Have you heard? The greatest wealth transfer in history is set to see over $70 trillion passed down from baby boomers to their successors over the next few decades (Source). This presents an unprecedented opportunity for individuals and organisations to use their financial resources to make a positive impact on the world.
First and foremost, this influx of cash presents a golden opportunity for investors and individuals to fund social ventures and charitable organisations on a mission to create positive impact in the world. This means an expansion of reach and greater impact on issues they are working to address. This could take place in many forms, with one of the most natural outcomes being increased philanthropy. In a traditional sense, a charitable foundation focussing on addressing poverty and inequality could utilise the additional funds to launch or scale up programmes and initiatives to improve the lives and well-being of those most in need. On the less orthodox side of things, we’ve also taken much inspiration and created a Compost Wallet for collectors looking to support the development of philanthropic blockchain projects whilst addressing the issue of digital waste. Rather than just contributing a sum of money, they may donate NFTs or tokens, to which new utility layers will be added. They will then be re-listed to raise funds to directly sponsor groups and organisations looking to experiment with blockchain for their communities and causes in alignment with the UN SDGs. We call it “breathing new life into forgotten digital assets”, and we’re grateful to have built up quite a collection so far.

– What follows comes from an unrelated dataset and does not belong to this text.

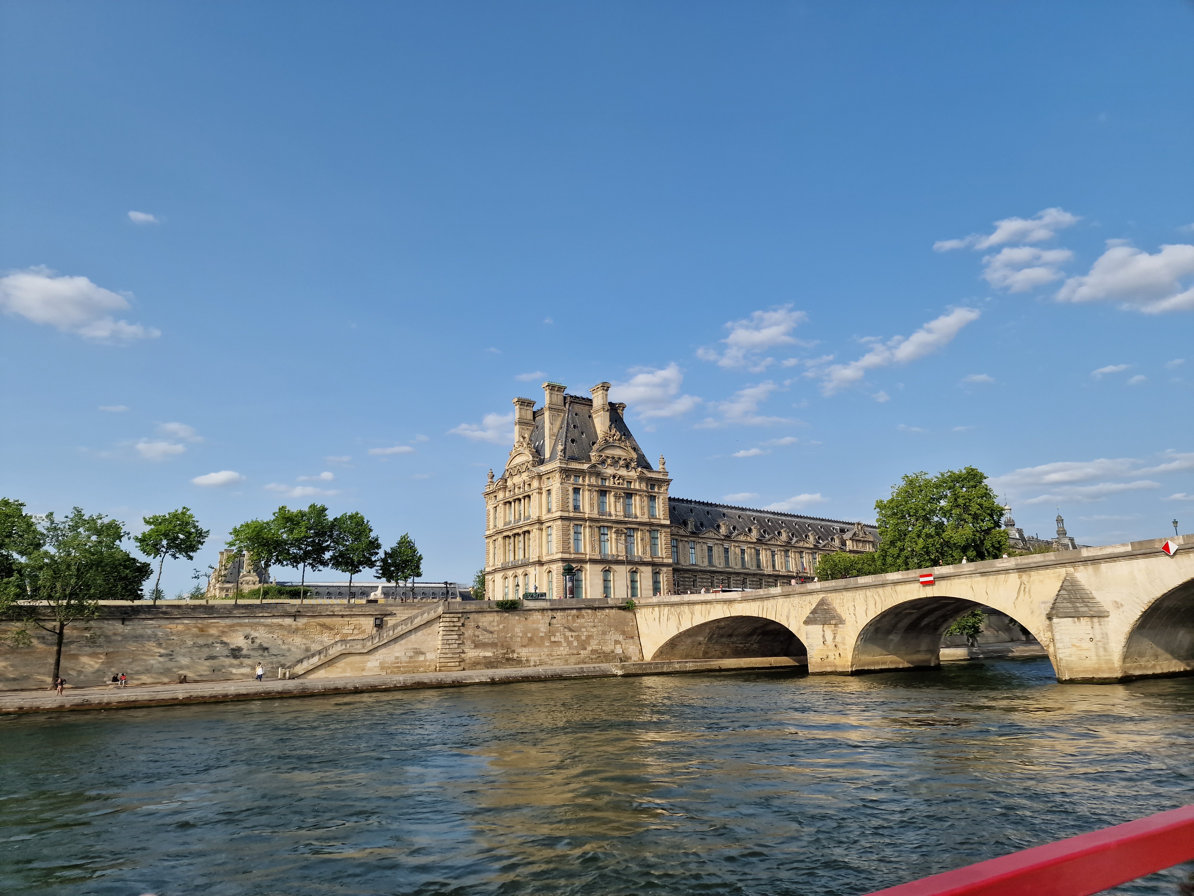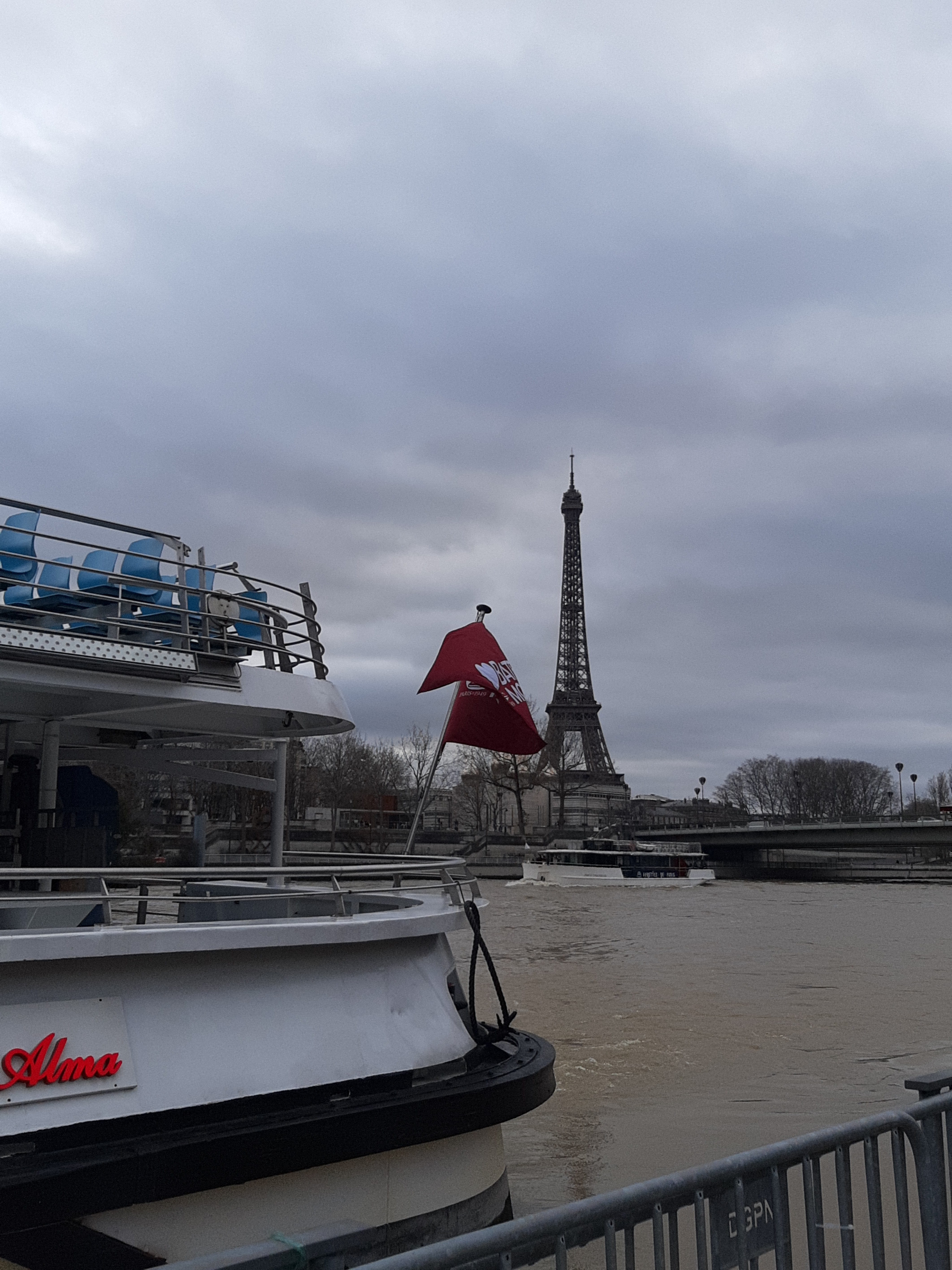Superbe croisière en bateau-mouche ! On a pu y contempler les célèbres monuments de Paris à travers un parcours de 15km sur la Seine. Environ 1h10 de croisière afin de découvrir les principaux grands œuvres architecturaux de la capitale à savoir le pont de l'Alma, Tour Eiffel, Trocadéro, Louvre, Cathédrale Notre-Dame, Conciergerie, Musée d’Orsay, Pont-Neuf, les Invalides, pont Alexandre III et la passerelle des Arts, pont neuf qui est le plus vieux pont à Paris ainsi que le pont du Carrousel et le pont Royal etc. A prévoir des vêtements chauds si vous vous installez tout en haut.

Of course, it can be about much more than making a one-off donation and calling it a day. We’re sure you’ve noticed that society is increasingly thinking about priorities in what we collectively value, be it in an environmental, social, or well-being sense. A recent Nuveen study found that 51% of global institutional investors think that the current fundamentals of long-term market dynamics have lost their relevance, with issues like social inequality and climate risk being cited as particularly pressing. Relatedly, consumer insights studies have found that consumers are willing to pay up to four times the original price for a product or service that they trust to be sustainable and/or ethical. A trend that we’ve noticed is that while the mindset of plenty of organisations is geared towards corporate social responsibility, they mostly do not understand how to holistically embed social responsibility into their company strategy against new narratives of impact. As we move towards a greater understanding of the issues we care about, and how organisations are empowering these initiatives, we now have the power to make more informed and impactful decisions to support causes that truly align with our values with this newfound wealth in hand. If you’re wondering where you stand amidst all these changes and how you can be stood in good stead, feel free to check out our ORA assessment (we talk more about it here 😉).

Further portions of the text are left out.